这是我为创建此类数据集而编写的 working 代码。对于这个例子,我只从硬盘中取出 20 个文件。
import tensorflow as tf
import os
import time
import numpy.random as rng
#Creating a few variables
data_dir = '/fastdata/Celeb1M/'
test_data = [data_dir + 'test/'+ elt for elt in os.listdir(data_dir + '/test/')]

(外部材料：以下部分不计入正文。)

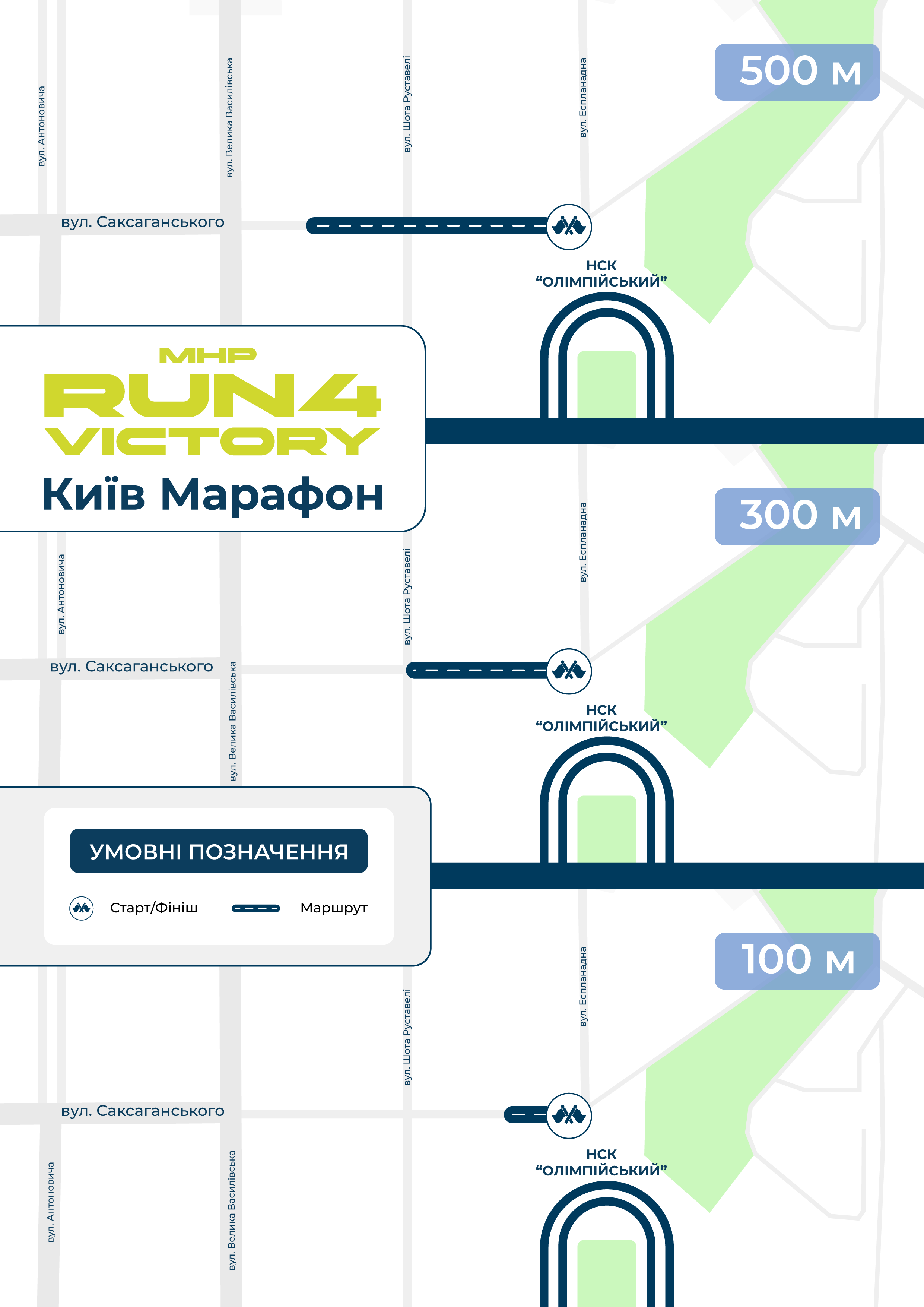Короткі дистанції проходитимуть по вулиці Саксаганського: 5 км — до Галицької площі, 2 км — до вул. Тарасівської. Дитячі дистанції — 500 м, 300 м і 100 м — також пролягатимуть вулицею Саксаганського.
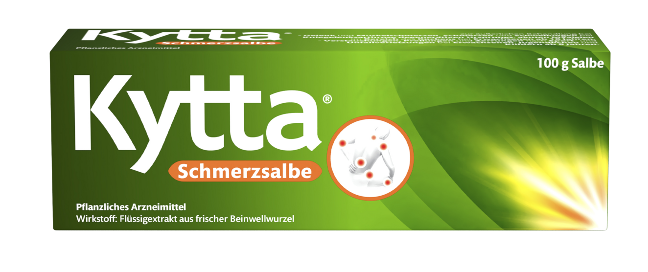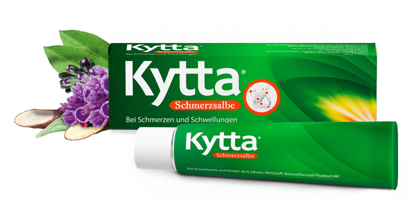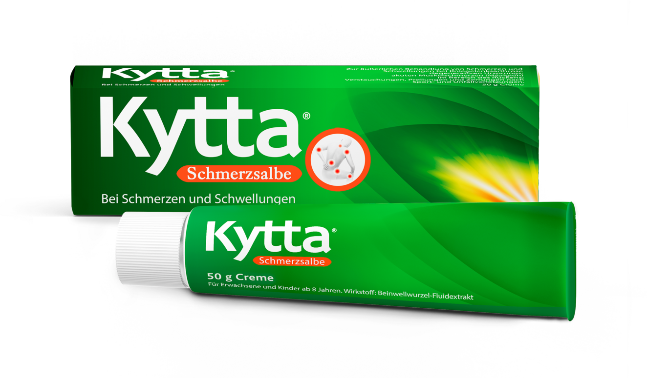 Bezeichnung: Kytta® Schmerzsalbe Wirkstoff: Beinwellwurzel-Fluidextrakt. Zusammensetzung: 100 g Creme enthalten 35,0 g Beinwellwurzel, Fluidextrakt (1:2) mit Ethanol 60 Vol.-%. Sonstige Bestandteile: 2 Phenoxyethanol- [butyl, ethyl, methyl, (2-methylpropyl), propyl] (4-hydroxybenzoat), Natriumhydroxid, PPG-1-PEG-9 Lauryl Glycol Ether, Cetylstearylalkohol, Glycerolmonostearat, Natriumdodecylsulfat, Erdnussöl, gereinigtes Wasser, Lavendelöl (enthält Limonen, Linalool), Fichtennadelöl (enthält Limonen), weitere Duftstoffe als Bestandteile des Parfümöl Spezial PH (enthält u. a. Benzylalkohol, Benzylbenzoat, Citral, Cumarin, Eugenol, Geraniol, Farnesol, Citronellol, Hydroxycitronellal, Limonen und Linalool). Anwendungsgebiete: Erwachsene: Zur äußerlichen Behandlung von Schmerzen und Schwellungen bei Kniegelenksarthrose degenerativen Ursprungs; akuten Myalgien im Bereich des Rückens; Verstauchungen, Prellungen und Zerrungen nach Sport- und Unfallverletzungen. Kinder ab 8 Jahren und Jugendliche: Zur äußerlichen Behandlung von Verstauchungen, Prellungen und Zerrungen nach Sport- und Unfallverletzungen. Gegenanzeigen: Überempfindlichkeit gegenüber einem der Inhaltsstoffe. Nicht auf geschädigter Haut, offenen Wunden, Schleimhäuten, Augen. Kinder unter 8 Jahren. Nebenwirkungen: Häufigkeit nicht bekannt: Erkrankungen der Haut und des Unterhautzellgewebes: lokale Hautreaktionen wie z. B. Kontaktdermatitis, Ekzeme, Schmerzempfindungen und Brennen auf der Haut, Juckreiz, Rötungen sowie Hautausschläge (z.B. in Form von Bläschen); Erkrankungen des Immunsystems: lokale Überempfindlichkeitsreaktionen am Applikationsort, systemische Überempfindlichkeitsreaktionen in Form von Urticaria, sowie Angioödemen, Überempfindlichkeitsreaktionen des Magen-Darm-Traktes (z. B. Übelkeit, Bauchschmerzen), der Augen (z.B. allergische Konjunktivitis), der Atemwege (z. B. allergische Rhinitis, erschwerte Atmung und Spasmen) oder des Herz- Kreislaufsystems (z. B. Blutdruckabfall, Herzrasen). Allergische Reaktionen durch folgende Inhaltsstoffe: Butyl-, Ethyl-, Methyl-, 2-Methylpropyl- und Propyl- 4-hydroxybenzoat (Parabene), Erdnussöl, Parfümöl Spezial PH, Benzylalkohol. Brennendes Gefühl bei geschädigter Haut durch Alkohol (Ethanol). Warnhinweis: Enthält 77 mg Alkohol (Ethanol) pro 1 g Creme. Enthält Erdnussöl, Butyl-, Ethyl-, Methyl-, 2-Methylpropyl- und Propyl- 4-hydroxybenzoat (Parabene), Cetylstearylalkohol, Natriumdodecylsulfat, Duftstoff (Parfümöl) mit Benzylalkohol, Benzylbenzoat, Citral, Cumarin, Eugenol, Geraniol, Farnesol, Citronellol, Hydroxycitronellal, Limonen und Linalool. Pharmazeutischer Unternehmer: P&G Health Germany GmbH, Sulzbacher Straße 40, 65824 Schwalbach am Taunus. Stand: September 2023

# Function to decode TFRecords
def read_and_decode(example_proto):
features = tf.parse_single_example(
example_proto,
features = {
'image': tf.FixedLenFeature([], tf.string),
'label': tf.FixedLenFeature([], tf.int64),
'height': tf.FixedLenFeature([], tf.int64),
'width': tf.FixedLenFeature([], tf.int64),
'channels': tf.FixedLenFeature([], tf.int64)
})
image = tf.decode_raw(features['image'], tf.uint8)
image = tf.cast(image, tf.float32) * (1. / 255)
height = tf.cast(features['height'], tf.int32)
width = tf.cast(features['width'], tf.int32)
channels = tf.cast(features['channels'], tf.int32)
image = tf.reshape(image, [height, width, channels])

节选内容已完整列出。